Each nav point is a chapter listing, the text is the chapter name, and the src is the file it links to.
If you copy a navpoint tag set to add chapters, make sure to update the id and playorder values.
According to the spec, the ID can be anything you want, but it's easier to keep track of things if you use the same ID you used for that file in the .OPF file. Also, some readers won't properly display the Table of Contents if the ID doesn't match.
Also, the playorder values have to be in order. (An item with playorder 1 will be before an item with playorder 2, etc.) They also have to be listed in order, and can't have any gaps. (You'll get an error if you jump from 1 to 20, etc)
This file isn't part of the IDPF spec, but Adobe Digital Editions uses it for formatting and setting column settings and whatnot. You don't need this file at all, but your book will look nicer in Digital Editions if you include it. Other readers should just ignore it.
Note: You can use a .css style sheet file to layout styles for your book as well. Just make sure to list it in the manifest section of Content.opf
Also of note here, any styling should be done in a CSS stylesheet, and not in the document.
Content .xhtml files
Content files should be XML 1.1 documents
If you're not familiar with XML, it's basicly HTML with closing tags for every element, and several style tags are not supported.
Making the Container
Now we make the .epub container that all these files go in.
1. Create an empty .zip file with whatever name you like
2. Copy the mimetype file into the zip file (don't use compression on this file)
3. Copy the rest of the files and folders mentioned above into the zip file *
4. Re-name the .zip extension to .epub
* The specification recommends that the books files go in an "OEBPS" folder inside the zip file. If you put them in another spot, be sure that container.xml in the META-INF folder points to the correct location of the *.opf file.
The zip file layout should look something like this:
You should now be able to open your eBook in Adobe Digital Editions, or any other reader that supports the .epub format.

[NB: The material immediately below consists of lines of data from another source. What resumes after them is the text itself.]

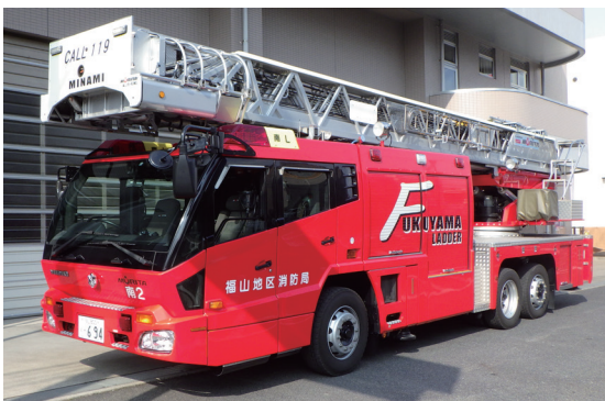
はしご車 ビルが火事になったときに、人を助けたり、火を消したりします。
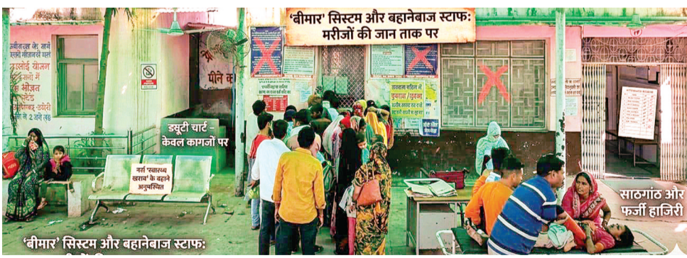
हरिभूमि न्यूज अशोकनगर

वीआईपी कल्चर तो बीमारी का बहाना, इयूटी से किनारा अस्पताल प्रबंधन द्वारा नियमानुसार इयूटी चार्ट तैयार किया जाता है, जिसमें दिन और रात की शिफ्ट तय होती है। नियम कहता है कि यदि कोई कर्मचारी दिन में तैनात है, तो उसकी रात की इयूटी नहीं होगी। लेकिन चंदेरी सिविल अस्पताल में इन नियमों को ताक पर रख दिया गया है। कर्मचारी अपनी सातगांठ और सुविधा के अनुसार शिफ्ट बदल लेते हैं, जिससे पूरी स्वास्थ्य व्यवस्था चरमरा गई है।
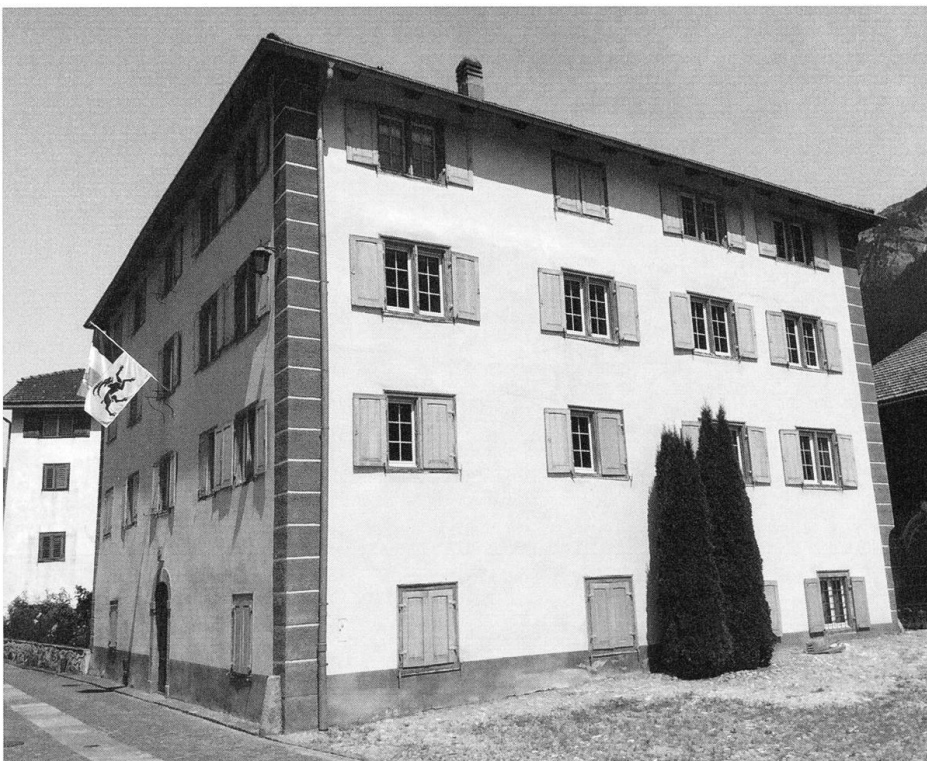
Das heutige Haus in Andeer der Erben Rosa Burga-Piccoli.
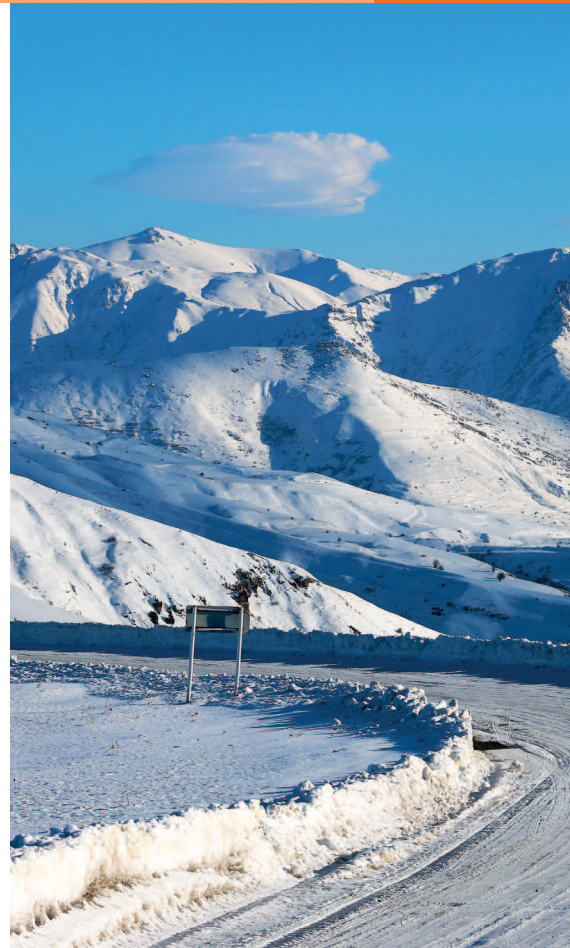
Перевал Селим зимой.

Осадков больше всего выпадает в конце весны — в мае. В июне-июле часто идут ливни. Обычно тучи собираются к середине дня и начинается дождь, зачастую с грозой и градом. Самые сухие месяцы — август и сентябрь.

If you want to cheat, download the file below. It's a zip file that has empty chapter pages, and the content and toc files pre filled out, so all you have to do is copy and paste your content into the empty files, and modify the OPF and NCX files.
Checking your ePub file
So you've made a sample ePub book, and it won't open, or it opens with an error, or looks funky. What now?
epubcheck is a program that will scan your ePub file and display any errors it finds in the book.